Em 1992, o Gil disputava o Campeonato Britânico de F 3. Tradicionalmente, uma das etapas é preliminar do GP da Inglaterra e todos os pilotos encaram essa corrida como a mais importante do ano. O Gil, líder, havia pontuado em todas as etapas disputadas até ali. Evidentemente, contava em conseguir mais um bom resultado na frente de todos os chefes das equipes da F 1. O Luca, por sua vez, viajou a Silverstone para cobrir as corridas de F 1 e F 3 para a Auto Esporte.

Chega a hora da corrida de F 3 e o Luca fica na primeira curva, esperando fotografar o Gil liderando o pelotão. Largada, um toque, o Gil saiu da pista e abandonou ali mesmo, bem na frente do Luca. Foi o primeiro abandono do ano… Felizmente não atrapalhou a conquista do título.

Em 1993, o Gil disputava a F 3000 e foi convidado pela Footwork (nome que a Arrows usava na época) para testar um F 1 em Estoril, na semana seguinte ao GP de Portugal. Eu cobri a corrida, mas não ia ficar para os testes. O Luca viajou a Estoril e, durante o final de semana, conversamos sobre as boas perspectivas do Gil nos testes.

O cockpit do Arrows estava apertado demais para o Gil e, depois de umas poucas voltas de adaptação, o brasileiro parou no box e pediu aos mecânicos que fizessem algumas mudanças no carro. Como o intervalo seria razoável, aproveitou para esticar as pernas com uma caminhada pelo paddock. Acabou dando uma cabeçada na porta do caminhão da Footwork, levou uns pontos na cabeça e não pôde mais testar…

No ano seguinte, o Gil continuou na F 3000 e chegou à etapa de Spa (preliminar da F 1) disputando a liderança do campeonato. Já tomou um susto quando viu que o Luca estava lá para cobrir a corrida, mas procurou afastar qualquer mau pensamento. Largada com chuva, um enrosco qualquer e o Gil rodou e perdeu a tampa que cobre os amortecedores dianteiros. Isso aconteceu na primeira curva, a La Source. O Luca estava bem ali e fotografou tudo… Menos mal que o Gil continuou na corrida e terminou, se não me engano, em 5º lugar.
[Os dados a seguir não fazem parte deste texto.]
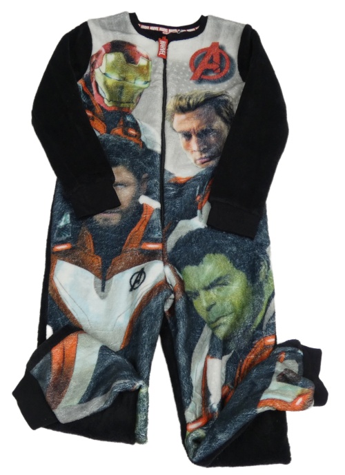 Černo-šedá chlupatá kombinéza s hrdiny Marvel
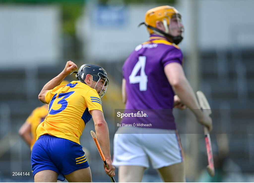 17 July 2021; David Reidy of Clare celebrates scoring a point during the GAA Hurling All-Ireland Senior Championship Round 1 match between Clare and Wexford at Semple Stadium in Thurles, Tipperary. Photo by Piaras Ó Mídheach/Sportsfile

O Gil não foi campeão da F 3000, mas subiu para a CART em 1995. Naquele ano, cobri pela primeira vez a 500 Milhas de Indianapolis – e eu sabia que o Luca também viajaria para lá. Cheguei à cidade, fui para a pista e encontrei o Gil. Começamos a conversar, perguntei se ele já havia cruzado com o Luca e ele ficou branco: “Ele vem para cá? Você não está falando sério, né?…”.

Na corrida, adivinhe o que aconteceu? Houve um acidente monumental na primeira curva e o Gil atingiu um pedaço de carro qualquer com a roda dianteira direita. Conseguiu chegar ao box, mas não havia como reparar a suspensão danificada e a corrida dele acabou ali…

No final de 1995, quando confirmaram para o ano seguinte a realização da primeira corrida da Indy no Brasil, bati um papo com o Gil por telefone e ele me disse brincando: “Vou pagar para o Luca e a mulher dele viajarem ao Caribe, de primeira classe, no final de semana da corrida”. No fim, o Luca cobriu normalmente a corrida e a má sorte que perseguia o Gil nas corridas que tinham sua presença parece ter acabado…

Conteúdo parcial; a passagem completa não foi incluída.